How Good is the Sudan and South Sudan Deal?
Last Thursday, Sudanese President Omar al-Bashir and South Sudanese President Salva Kiir signed a series of agreements addressing issues that have at times this year brought the two countries to the brink of war.
The agreements are the culmination of months of talks and a one-day presidential summit that turned into four. The current deal allows for oil production to resume, creates a demilitarized zone along the border and opens the border up to trade. However, despite progress made by both sides, this is far from the comprehensive peace agreement that is needed.
There is no doubt that this deal is significant. An agreement on security issues, specifically the demilitarized zone, was a prerequisite for the signing of the provisional oil agreement reached in August. A resumption of oil production in South Sudan, shutdown since January as a result of a dispute over oil fees, is vital to the economic survival of both countries.
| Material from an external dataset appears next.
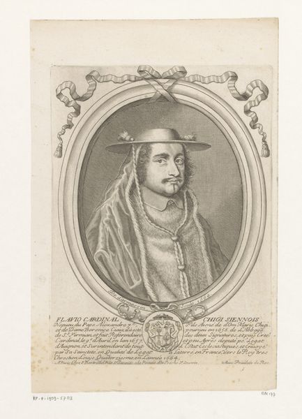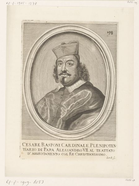 This is Johann Alexander Böner’s print of Paluzzo Paluzzi Altieri. The circular form of the portrait is immediately striking, composed of a series of concentric lines that frame the cardinal's likeness, drawing our eye to his face. Böner's technique employs hatching and fine lines to sculpt the forms, creating a delicate interplay of light and shadow. The texture of the cardinal’s robes is carefully rendered, conveying a sense of depth and materiality. The choice of monochrome emphasizes the graphic nature of the print, focusing our attention on the linear elements and their arrangement. The portrait is more than a mere depiction, it's an assertion of power and status within the visual language of the Church. The carefully inscribed text at the bottom functions as a semiotic key, identifying the sitter and his high ecclesiastical rank. Böner’s manipulation of line and form not only captures a likeness but also communicates the subject's identity.

While resumption of any substantial levels of oil production can be expected to take months to a year, the effects of the deal on the price of food and basic necessities in Sudan and South Sudan where the shutdown has caused hyperinflation should be apparent quickly.
In the past, Sudan and South Sudan have signed any number of agreements that failed to be implemented and while much can happen to derail the process in the months it will take to restart production, it is a step back from the brink of conflict between the two countries. Once resumed, the international pressure to keep the oil pumping should prevent both sides from threatening to turn off the spigots.
Nevertheless, this is not yet the dawn of a new day in Sudan/South Sudan relations. In a recent post we drew attention to the fact that any deal that fails to address the situation in South Kordofan and Blue Nile will be hollow and fragile.
The deal not only failed to address the humanitarian crisis but it failed to achieve consensus on border demarcation or ownership of the contested Abyei region. In fact, as the deal was being signed in Addis Ababa, Sudan was bombing South Kordofan state. With such violence continuing and critical issues still left unresolved, last week’s deal shows limited progress that is motivated by economic self-interest.